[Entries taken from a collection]
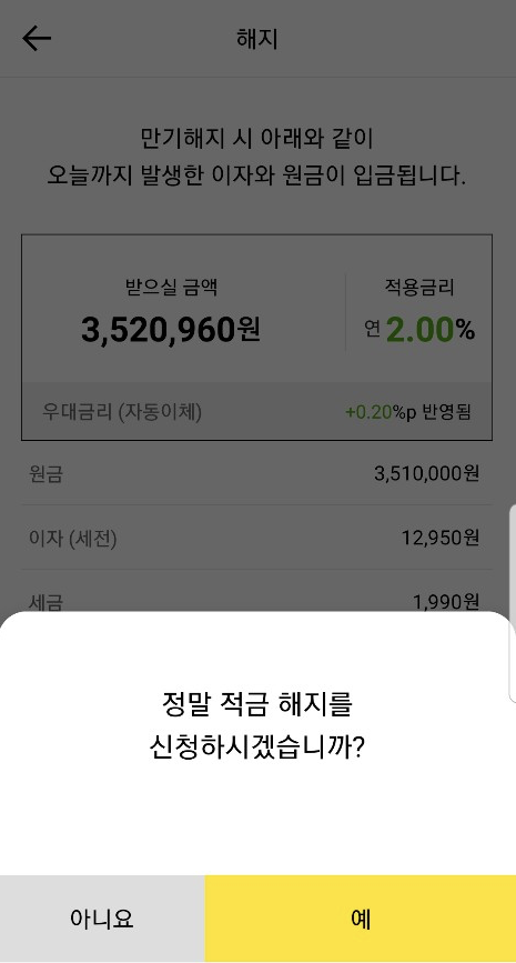 적금을 찾고 싶으면 직접 해지하면 된다고 한다.
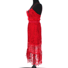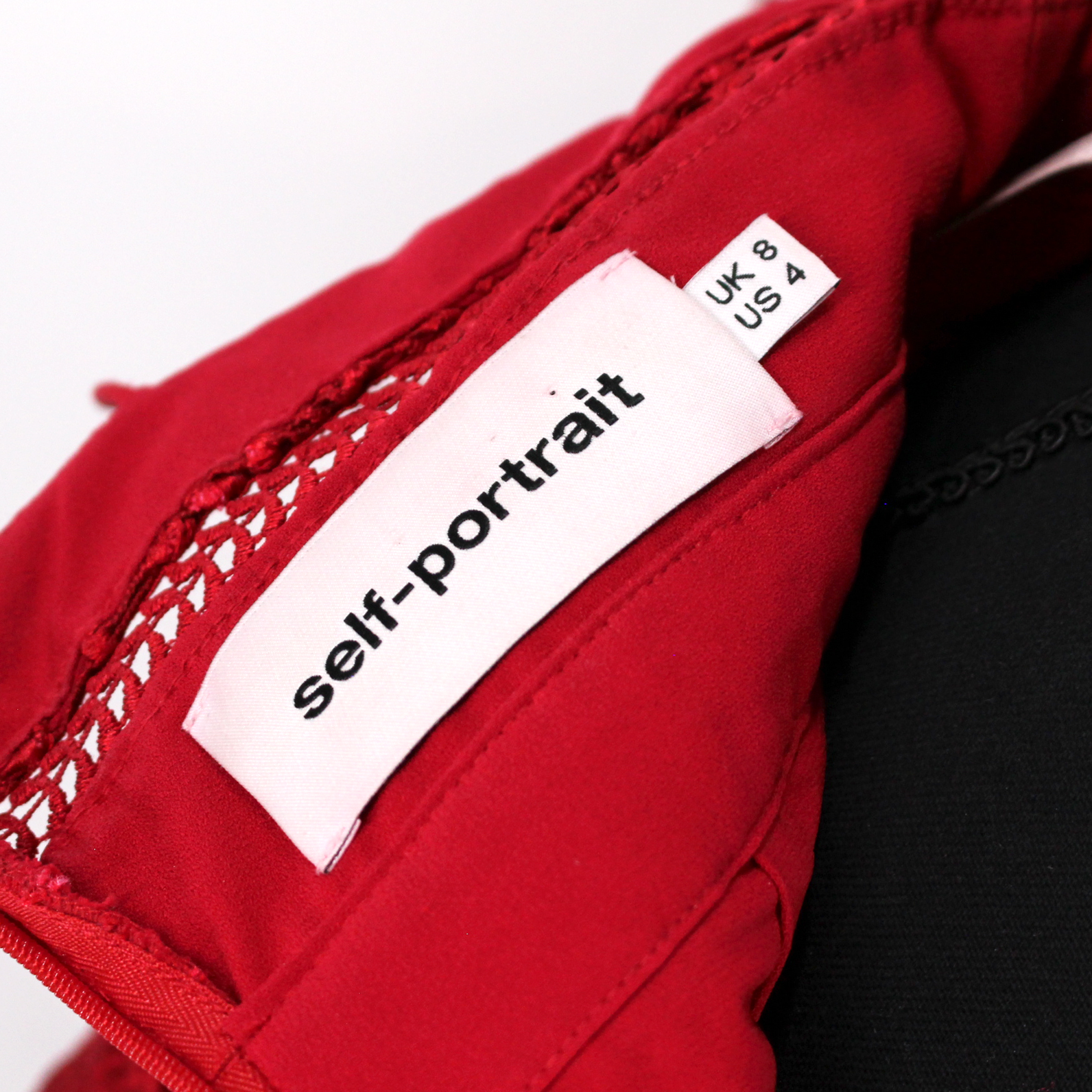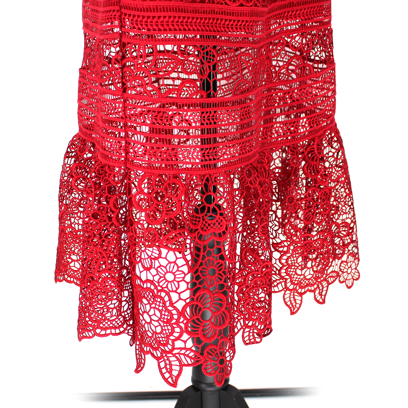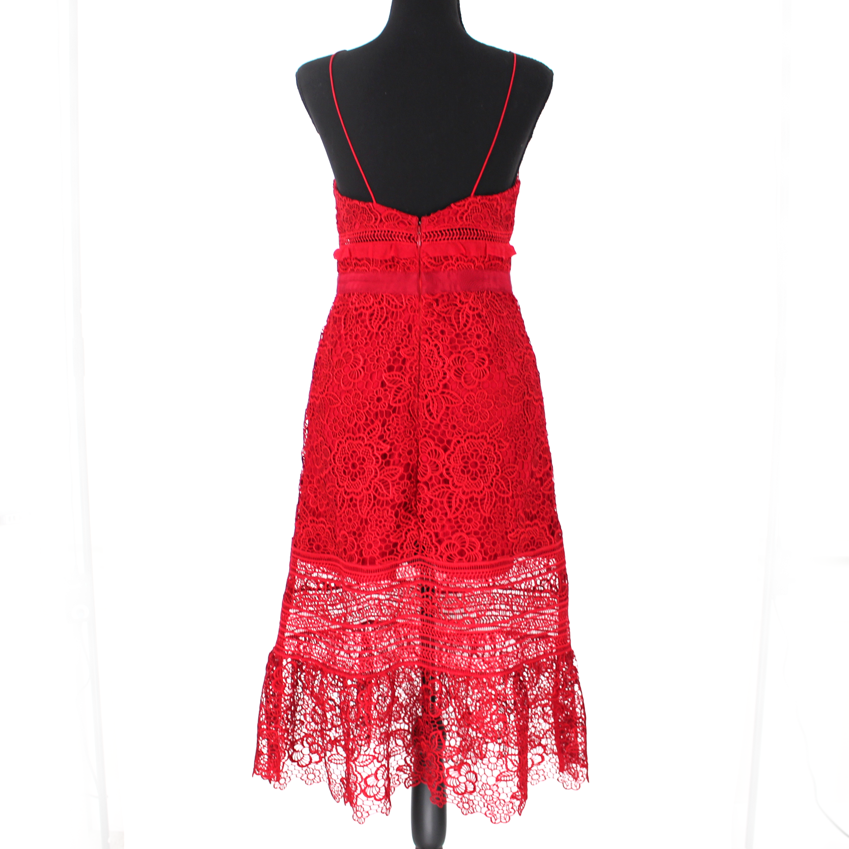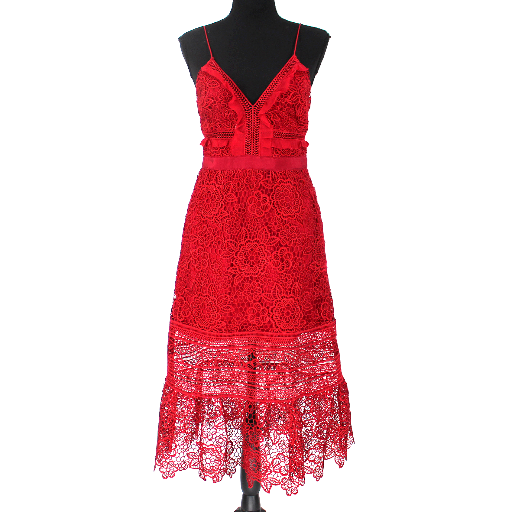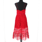 Self-Portrait Blush Red Floral Lace Ruffle Trim Sleeveless Midi Dress
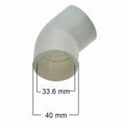 Elbow 45° kualitas Food Grade / Fitting Elbow 45° berwarna putih. Cocok dipasangkan ke pipa 1″ (34 mm) Internasional, dan jika untuk pipa 1″ lokal, berdiameter luar 32 mm agar sedikit longgar.
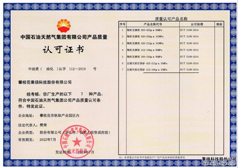 • 中石油質(zhì)量認可證
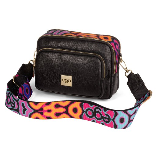 ЧЕРНАЯ ЖЕНСКАЯ СУМКА EGO, НАТУРАЛЬНАЯ КОЖА, С РЕМЕНЕМ НА ПЛЕЧЕ
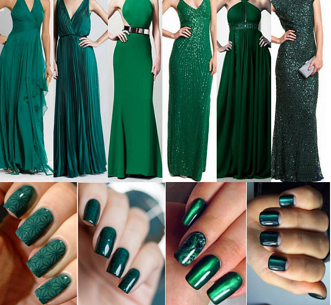 A large number of manicure options suitable for dresses in the green range, but not all. There is also no one combination that will look ridiculous and just plain ugly. In order not to be mistaken with the choice, you must use the following rules.
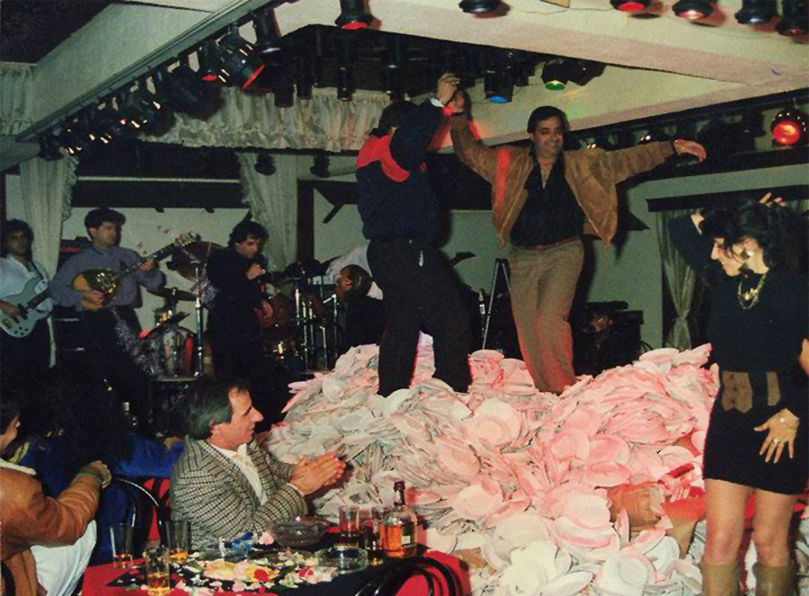 Είναι από την εποχή που η Ελλάδα αναστέναζε στις πίστες των νυχτερινών κέντρων. Μια εποχή που κυριαρχούσε η δίψα για αυτοπροβολή και κατασπατάληση (όσων τα… είχαν) χρημάτων. Τότε που αυτός που τα είχε φρόντιζε να ανοίξει περισσότερες σαμπάνιες και κυρίως να σπάσει περισσότερα πιάτα από τον κύριο με τη λευκή κάλτσα, το σκαρπίνι και το λαμέ σακάκι στο απέναντι τραπέζι.

** WHAT TO PRODUCE **
Skip every picture, and restate word for word only the lines above from the line containing "Elbow 45° kualitas" to the line containing "A large number", both of them included.

** SOLUTION **
 Elbow 45° kualitas Food Grade / Fitting Elbow 45° berwarna putih. Cocok dipasangkan ke pipa 1″ (34 mm) Internasional, dan jika untuk pipa 1″ lokal, berdiameter luar 32 mm agar sedikit longgar.
 • 中石油質(zhì)量認可證
 ЧЕРНАЯ ЖЕНСКАЯ СУМКА EGO, НАТУРАЛЬНАЯ КОЖА, С РЕМЕНЕМ НА ПЛЕЧЕ
 A large number of manicure options suitable for dresses in the green range, but not all. There is also no one combination that will look ridiculous and just plain ugly. In order not to be mistaken with the choice, you must use the following rules.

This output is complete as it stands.